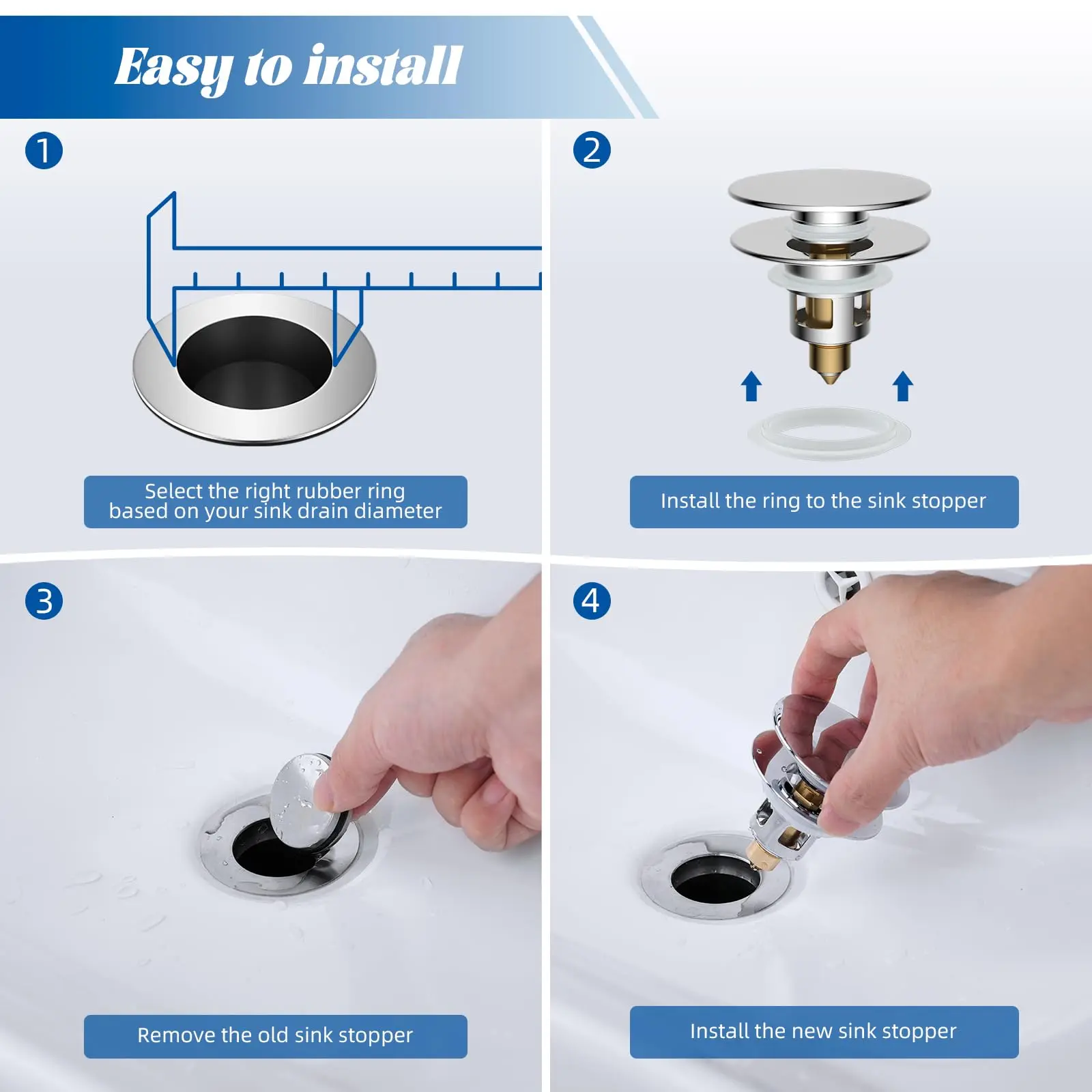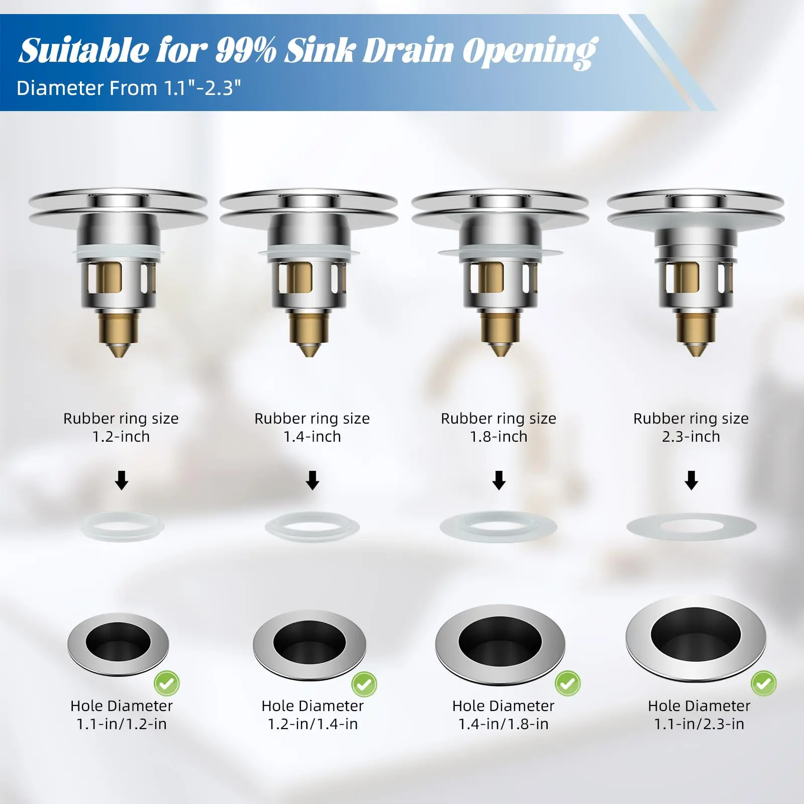 ·Versatile Compatibility: This bathroom sink drain stopper is designed to fit 99% of standard US sink drains, including bathroom sinks and washbasins with drain holes ranging from 1" to 2.3". Please measure your sink drain hole opening before purchasing to ensure a proper fit. The package also includes four O-rings while others only include 2. Which can ensure a perfect fit for various drain openings. Note: This stopper is not suitable for bathtub drains
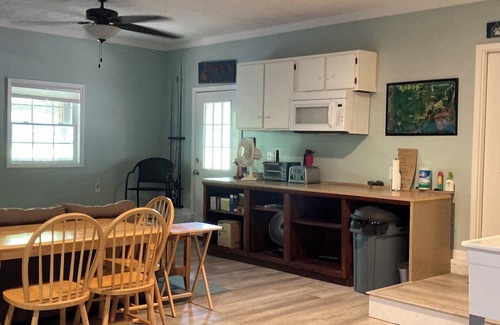 Upper Cottage: 2 bedroom with 1 full bath with open living room space with beautiful heating and cooling (includes couch, TV, wireless internet, kitchen table, refrigerator, microwave, washer/dryer). Also, the Upper Cottage has a large fenced in area off the side of the house.
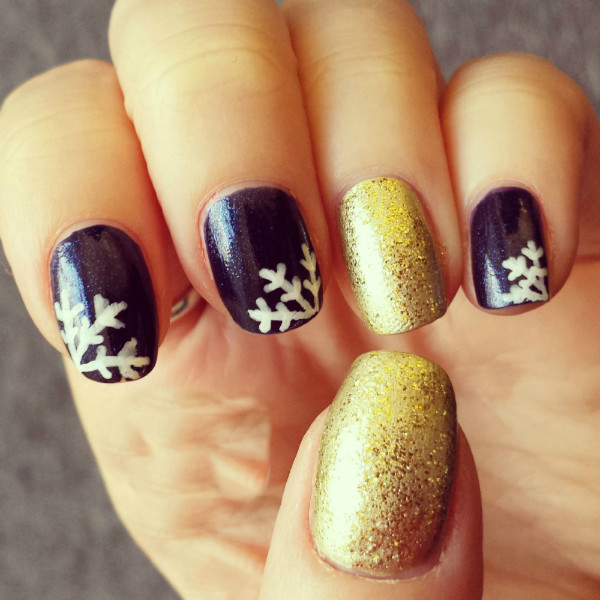 Дизайн со снежинками достаточно универсален. Несмотря на то, что этот маникюр считается зимним, его можно использовать в любое время года. Еще одно преимущество – применяются разные цвета гель-лака. Вы можете нарисовать красные снежинки или использовать для этого классический белый или синий цвет. Красиво смотрятся декоративные элементы, выполненные золотистым гель-лаком.
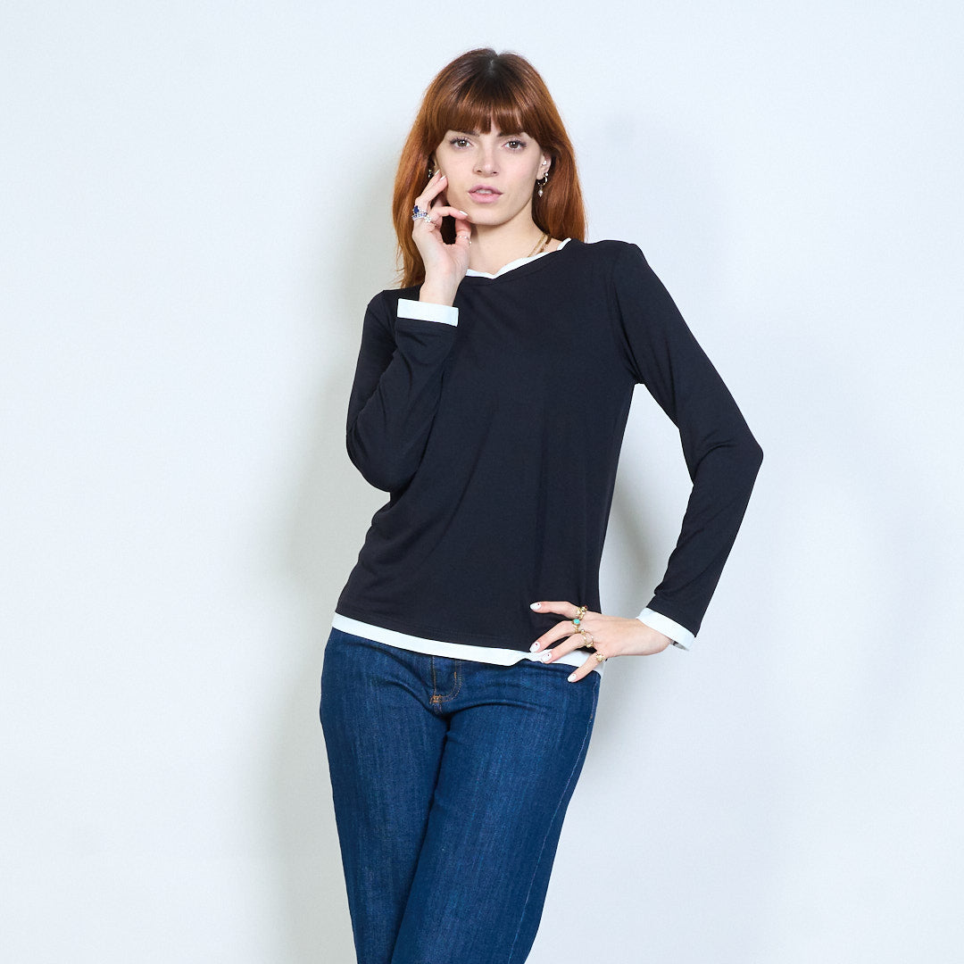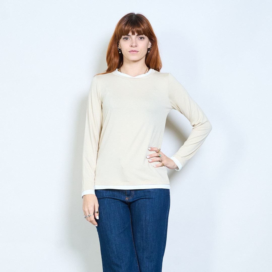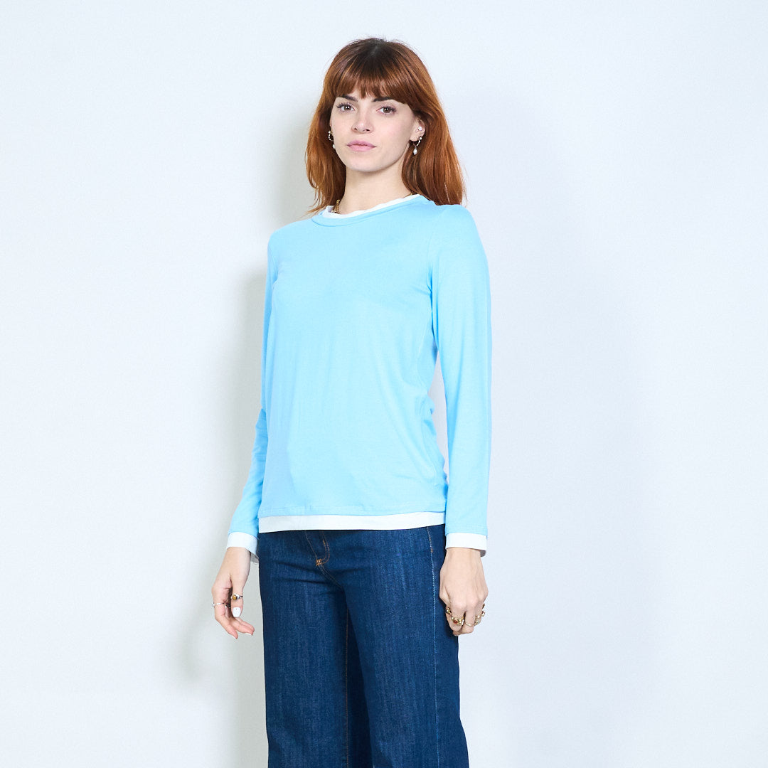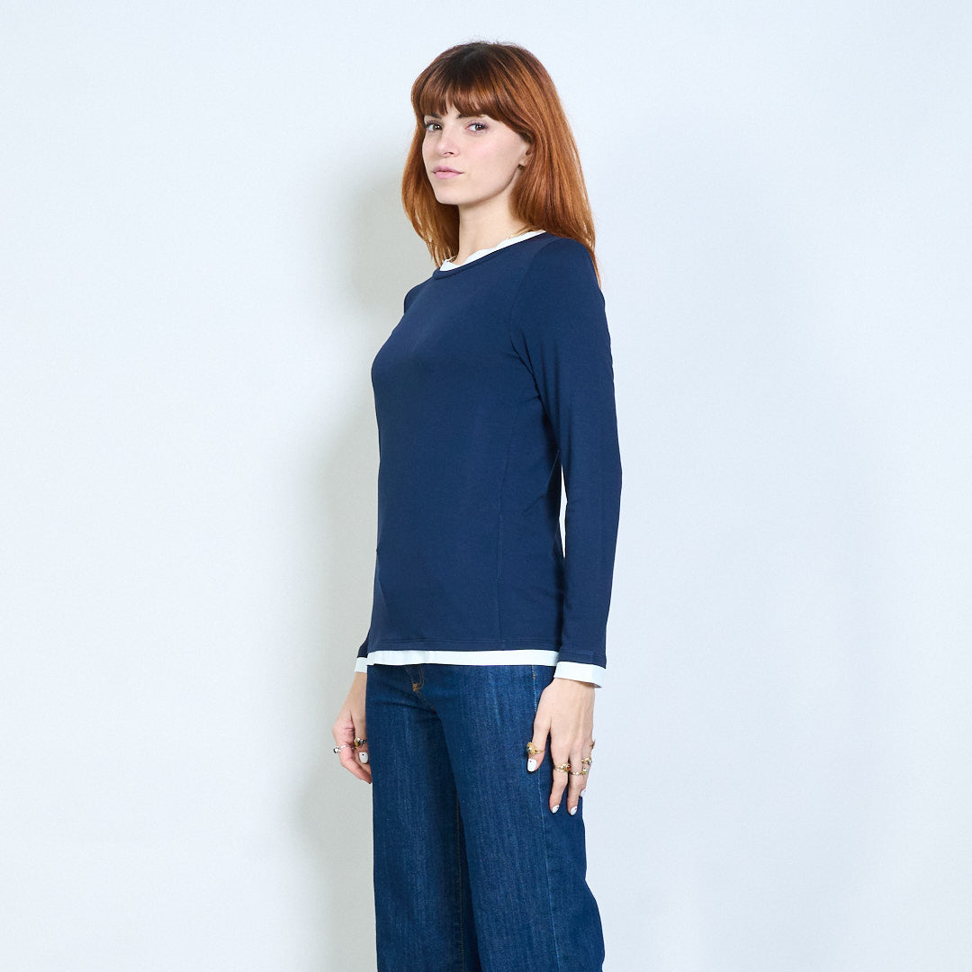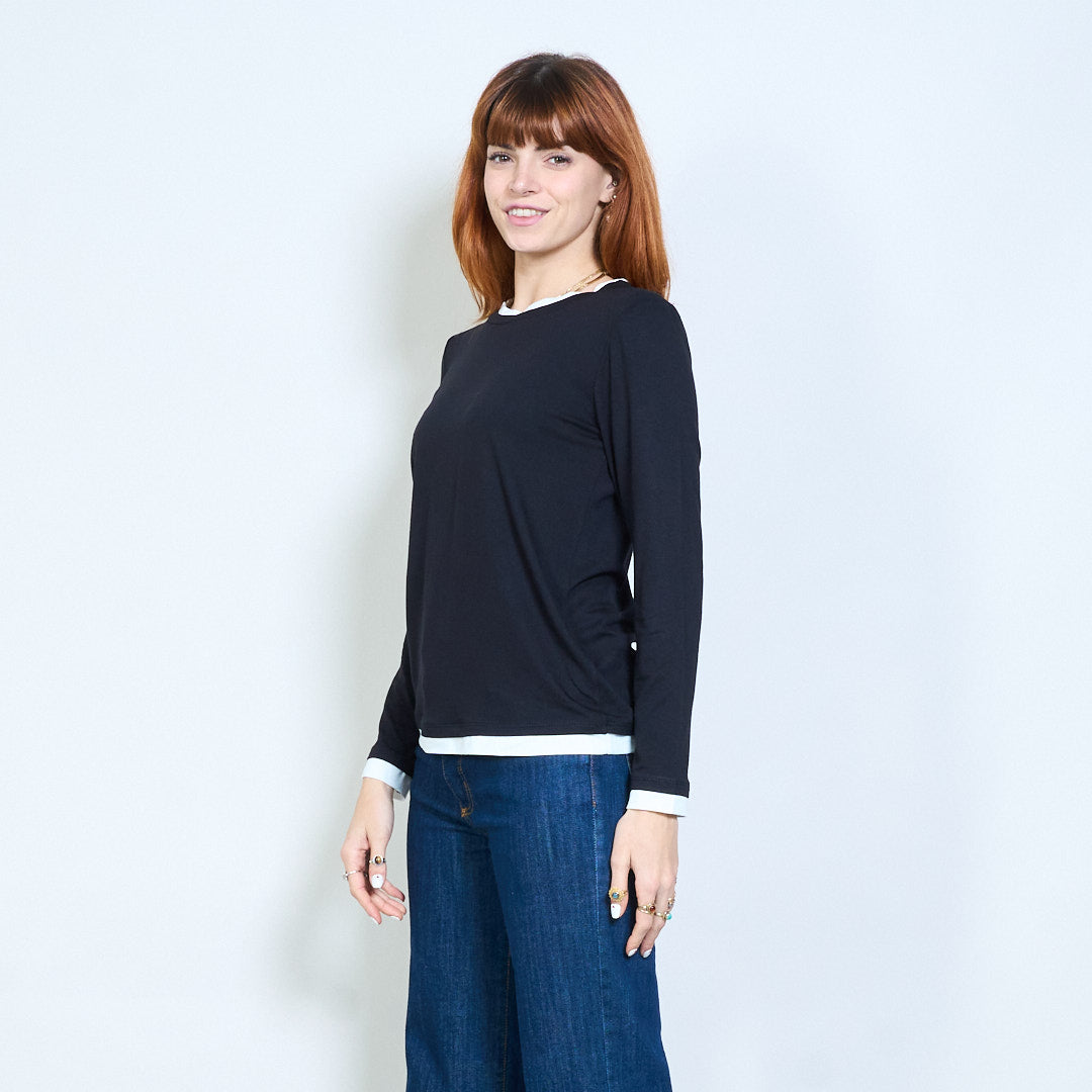 Top de manga larga con cuello redondo y ajuste relajado con ribete en contraste al por mayor
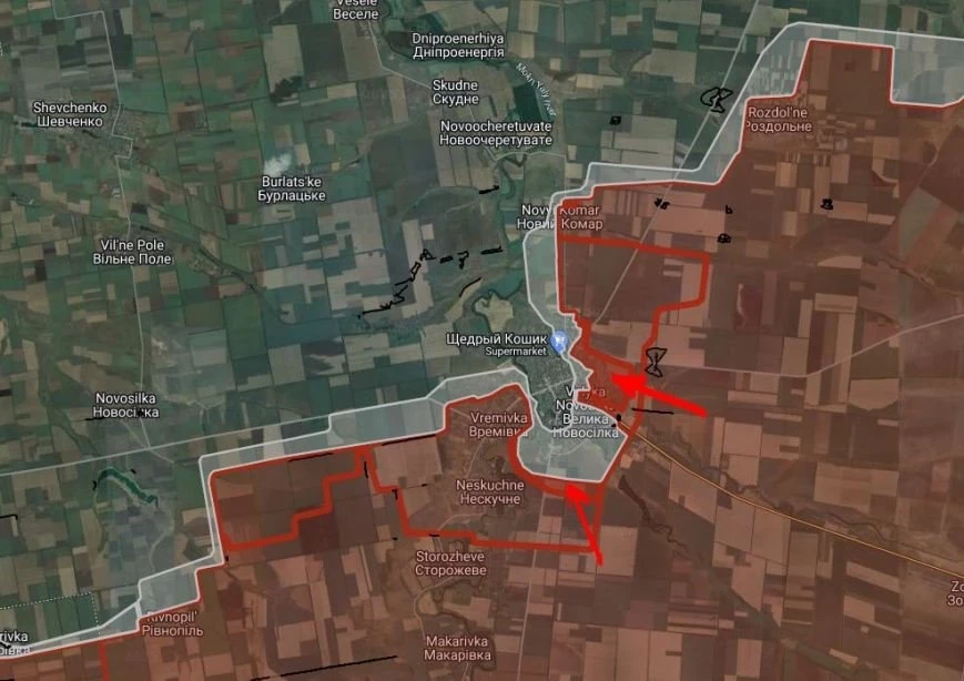 На Великоновосёлковском направлении российские войска расширили контроль территории в северной и восточной частях Великой Новосёлки. Имеются тактические успехи южной южнее упомянутого населенного пункта.
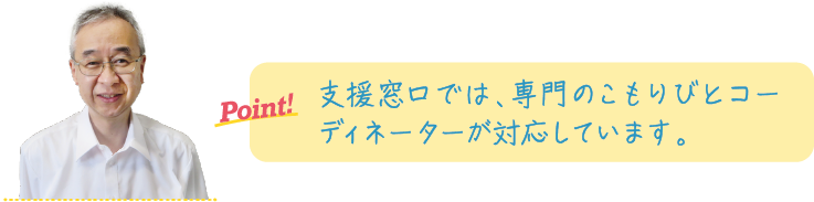 ひきこもりの状態にある人は、かつては若い世代に多かったが、近年は中高年層を含む幅広い年代に見られるという。大和市では令和元年、ネガティブなイメージをもたれる風潮にあったひきこもりに、“こもりびと”という独自の呼び名を付けた。ひきこもりは誰にでも起こりうる問題であるという認識のもと、当事者に寄り添いたいという思いから、よりぬくもりが感じられる呼び名にしたという。同年、「こもりびと支援窓口」を開設。令和4年には、「こもりびと支援条例」を制定した。
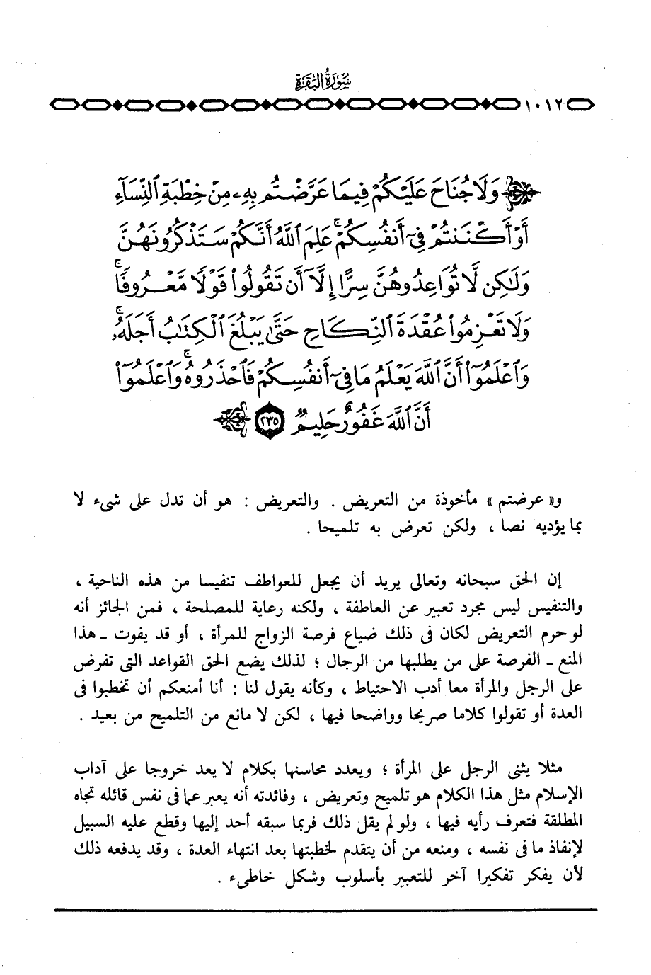 {وَلاَ جُنَاحَ عَلَيْكُمْ فِيمَا عَرَّضْتُمْ بِهِ مِنْ خِطْبَةِ النسآء ... }

☆ ☆ ☆ ☆ ☆

Beginning at the line that has "Top de manga" and ending at the line that has "ひきこもりの状態にある人は、", restate the listing above word for word, pictures left out.

 Top de manga larga con cuello redondo y ajuste relajado con ribete en contraste al por mayor
 На Великоновосёлковском направлении российские войска расширили контроль территории в северной и восточной частях Великой Новосёлки. Имеются тактические успехи южной южнее упомянутого населенного пункта.
 ひきこもりの状態にある人は、かつては若い世代に多かったが、近年は中高年層を含む幅広い年代に見られるという。大和市では令和元年、ネガティブなイメージをもたれる風潮にあったひきこもりに、“こもりびと”という独自の呼び名を付けた。ひきこもりは誰にでも起こりうる問題であるという認識のもと、当事者に寄り添いたいという思いから、よりぬくもりが感じられる呼び名にしたという。同年、「こもりびと支援窓口」を開設。令和4年には、「こもりびと支援条例」を制定した。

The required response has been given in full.